# [solved] estat

## dtmaster

Hallo Leute,

ich suche schon seit einiger zeit das Tool estat. Leider bringt google keine ergebnisse. Und beim Author des Tools gibt es das nicht mehr.

Hat es einer von euch vielleicht noch rumliegen und würde es mir zukommen lassen?

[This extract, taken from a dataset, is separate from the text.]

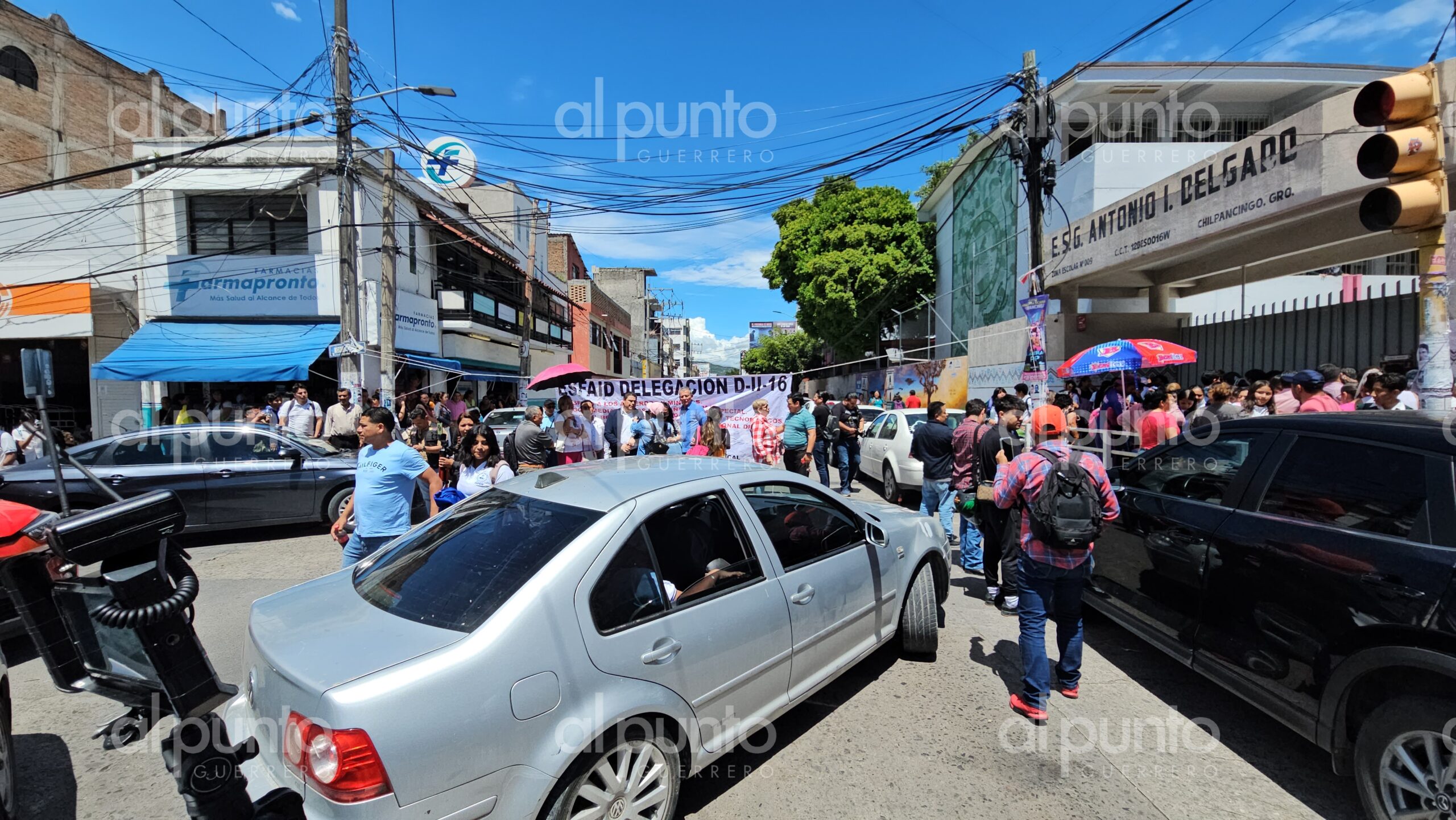 Un grupo de docentes afiliados al Sindicato Nacional de Trabajadores de la Educación (SNTE) bloqueó este miércoles la avenida Vicente Guerrero, a la altura de la calle Eucaria Apreza, para protestar contra la destitución del director de la Escuela Secundaria General Antonio I. Delgado, Joaquín Lugo Millán.

Danke schon einmal dafür..

GrußLast edited by dtmaster on Wed Oct 20, 2010 3:13 pm; edited 1 time in total

----------

## cyril_sneer

Ich hab da mehrere Programme gefunden die so heißen. Meinst du vielleicht dieses hier ? http://www.geovista.psu.edu/ESTAT/

----------

## dtmaster

nein..

ich meinte dieses tool hier:

estat -- Emerge progress monitor LINK

Leider gibt es das dort nicht mehr zum download.

----------

## py-ro

Wie wäre genlop als alternative?

Py

----------

## dtmaster

das tools sagt mir nichts.

----------

## Genone

Schonmal beim Autor nachgefragt?

----------

## dtmaster

Ja habe ich.

Aber der hat mir nur geantwortet das die entwicklung eingestellt wurde. mehr nicht.

----------

## 69719

 *py-ro wrote:*   

> Wie wäre genlop als alternative?
> 
> Py

 

Was der Bauer nicht kennt, das frisst er nicht  :Wink: 

Aber

```

genlop -c

```

ist schon nett.

----------

## py-ro

Mit 

```
watch -n15 genlop -c
```

ist es noch netter!  :Wink: 

Py

----------

## dtmaster

also ich habe mir jetzt mal genlop angeschaut.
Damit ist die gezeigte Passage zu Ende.